** RECORDS FOR PROCESSING follows **

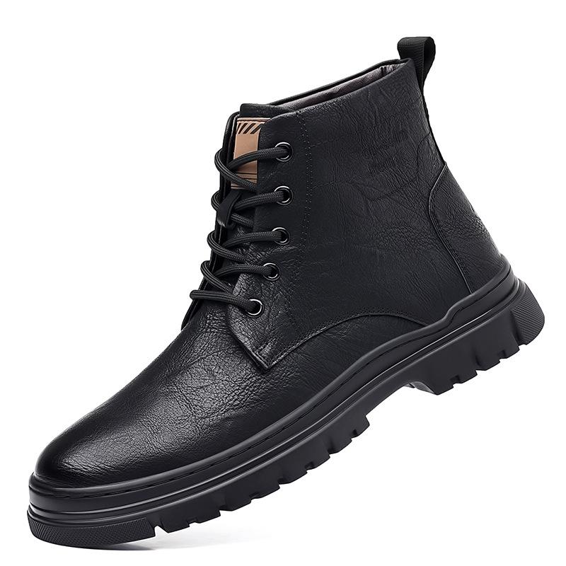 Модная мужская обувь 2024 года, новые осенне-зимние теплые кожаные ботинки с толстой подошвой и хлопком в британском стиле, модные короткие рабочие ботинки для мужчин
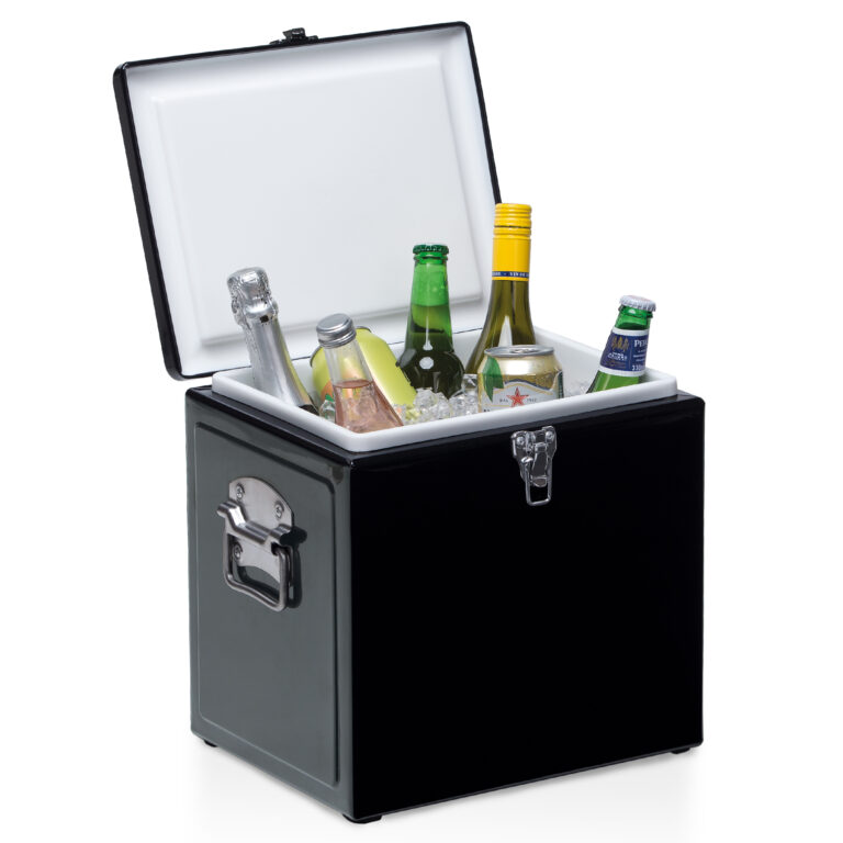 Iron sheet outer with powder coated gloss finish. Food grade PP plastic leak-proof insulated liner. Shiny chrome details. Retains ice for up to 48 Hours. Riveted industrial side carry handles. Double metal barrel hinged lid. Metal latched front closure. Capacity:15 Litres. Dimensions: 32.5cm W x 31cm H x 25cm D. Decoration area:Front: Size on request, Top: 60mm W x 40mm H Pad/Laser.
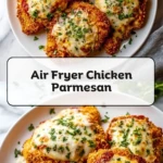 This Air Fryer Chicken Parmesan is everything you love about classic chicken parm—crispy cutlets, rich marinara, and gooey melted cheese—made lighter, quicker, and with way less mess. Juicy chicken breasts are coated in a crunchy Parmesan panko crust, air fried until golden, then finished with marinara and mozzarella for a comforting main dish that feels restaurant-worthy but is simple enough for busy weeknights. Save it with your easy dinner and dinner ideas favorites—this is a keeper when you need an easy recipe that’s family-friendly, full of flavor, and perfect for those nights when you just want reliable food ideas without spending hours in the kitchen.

** End of RECORDS FOR PROCESSING **
** RECORDS FOR PROCESSING follows **

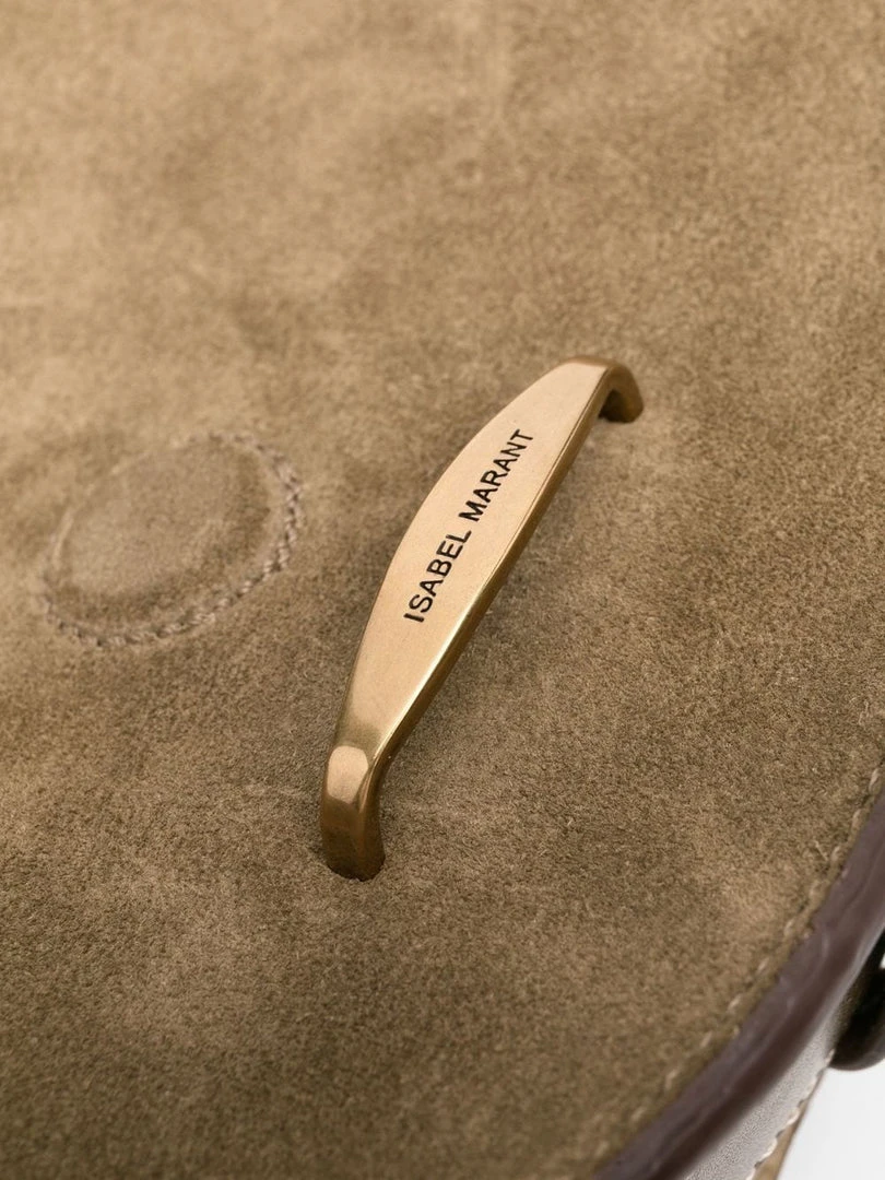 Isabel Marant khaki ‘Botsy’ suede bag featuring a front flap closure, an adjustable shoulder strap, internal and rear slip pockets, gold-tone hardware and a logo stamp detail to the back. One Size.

** End of RECORDS FOR PROCESSING **
** RECORDS FOR PROCESSING follows **

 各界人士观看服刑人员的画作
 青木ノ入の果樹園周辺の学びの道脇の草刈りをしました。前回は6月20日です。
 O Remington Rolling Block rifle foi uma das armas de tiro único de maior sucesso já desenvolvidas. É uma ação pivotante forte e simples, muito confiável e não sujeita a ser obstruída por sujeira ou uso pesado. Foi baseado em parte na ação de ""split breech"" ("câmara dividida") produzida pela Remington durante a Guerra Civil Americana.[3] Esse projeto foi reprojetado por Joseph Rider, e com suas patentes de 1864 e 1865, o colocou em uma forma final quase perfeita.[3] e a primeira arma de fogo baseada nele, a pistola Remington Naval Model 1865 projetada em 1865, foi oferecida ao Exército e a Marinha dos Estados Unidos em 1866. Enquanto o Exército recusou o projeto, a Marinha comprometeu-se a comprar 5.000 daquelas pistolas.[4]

** End of RECORDS FOR PROCESSING **

_PROBLEM TO WORK ON_
All that is wanted is the lines above between the one containing "Модная мужская обувь" and the one containing "This Air Fryer", inclusive, restated word for word, with pictures omitted.

_WRITTEN ANSWER_
 Модная мужская обувь 2024 года, новые осенне-зимние теплые кожаные ботинки с толстой подошвой и хлопком в британском стиле, модные короткие рабочие ботинки для мужчин
 Iron sheet outer with powder coated gloss finish. Food grade PP plastic leak-proof insulated liner. Shiny chrome details. Retains ice for up to 48 Hours. Riveted industrial side carry handles. Double metal barrel hinged lid. Metal latched front closure. Capacity:15 Litres. Dimensions: 32.5cm W x 31cm H x 25cm D. Decoration area:Front: Size on request, Top: 60mm W x 40mm H Pad/Laser.
 This Air Fryer Chicken Parmesan is everything you love about classic chicken parm—crispy cutlets, rich marinara, and gooey melted cheese—made lighter, quicker, and with way less mess. Juicy chicken breasts are coated in a crunchy Parmesan panko crust, air fried until golden, then finished with marinara and mozzarella for a comforting main dish that feels restaurant-worthy but is simple enough for busy weeknights. Save it with your easy dinner and dinner ideas favorites—this is a keeper when you need an easy recipe that’s family-friendly, full of flavor, and perfect for those nights when you just want reliable food ideas without spending hours in the kitchen.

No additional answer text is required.